When: Thursday, February 9, 11:00am
Where: Suffolk County Legislature, William H. Rogers Legislative Building – Auditorium (725 Veterans Memorial Highway, Smithtown, NY, 11787)
Following Monday night’s overflowing community forum on redistricting in Brentwood, leaders from Long Island’s communities of color will appear at the New York State Legislative Task Force on Demographic Research and Reapportionment (LATFOR) hearing to raise their objections to LATFOR’s proposed Senate and Assembly maps. Latino, immigrant, and African-American leaders will denounce LATFOR’s proposals for threatening to divide their communities and dilute their voting power.

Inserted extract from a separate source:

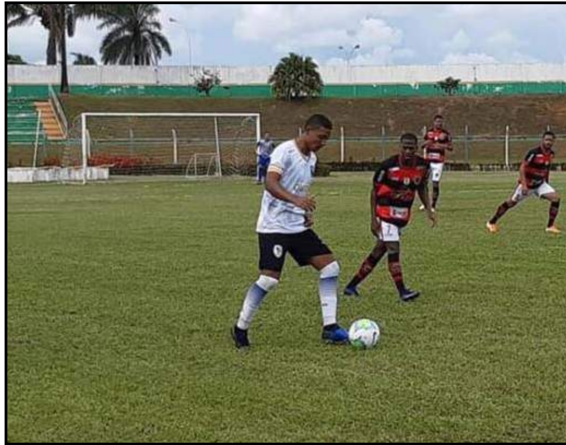
Sinop avançou após golear Águia Negra

No mesmo dia, mas às 15h, o Sinop FC pega o Atlético-GO, no Estádio Antônio Acioly. O Dragão disputa a elite do futebol nacional e é o adversário mais complicado

On Monday, over 100 community members—representing over 25 community organizations from the Latino, African-American, Haitian, and Muslim communities—came together to discuss the current redistricting process and its implications for Long Island’s communities of color at a forum hosted by the Long Island Civic Engagement Table, Long Island Wins, and Noticia. Their message was clear: LATFOR’s proposed maps will disenfranchise these communities, and residents must demand that the maps be revised, and likely vetoed, to ensure these communities fair political representation.
Frank Sprouse, a member of Make the Road New York and Brentwood resident, stated, “the LATFOR maps exemplify how politicians in office want to abuse that power and take advantage of communities of color to uphold their interests over ours. These maps want to divide the Latino and African American communities of Brentwood and Central Islip by undermining and dissolving our power as an electoral bloc. We have come together to stop that!”

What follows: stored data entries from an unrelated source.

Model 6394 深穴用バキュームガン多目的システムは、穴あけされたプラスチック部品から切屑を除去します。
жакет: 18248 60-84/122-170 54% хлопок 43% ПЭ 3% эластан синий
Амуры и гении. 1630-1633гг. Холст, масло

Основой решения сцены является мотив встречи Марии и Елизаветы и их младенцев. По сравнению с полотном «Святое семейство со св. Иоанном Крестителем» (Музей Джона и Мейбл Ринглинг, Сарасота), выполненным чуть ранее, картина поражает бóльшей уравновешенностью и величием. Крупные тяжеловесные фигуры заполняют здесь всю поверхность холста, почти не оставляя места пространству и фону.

Kevin Nelson, a member of New York Communities for Change and Central Islip resident, added: “Our founding fathers created our country on the basis of one person, one vote, which, by extension should lead to communities of similar sizes being counted equally in the political process. But by splitting up a community like Brentwood into different districts under the proposed Senate redistricting plan, LATFOR would dilute the power of communities of color and violate the equality our founding fathers envisioned.”
Luis Valenzuela, executive director of the Long Island Immigrant Alliance, asserted: “Monday’s forum powerfully demonstrated the Latino and African American communities’ political ascendancy on Long Island. The Latino community can no longer be taken for granted. The new LATFOR maps continue to dilute our vote, and we demand a fair revision. Failing that, we expect the governor to veto the maps.”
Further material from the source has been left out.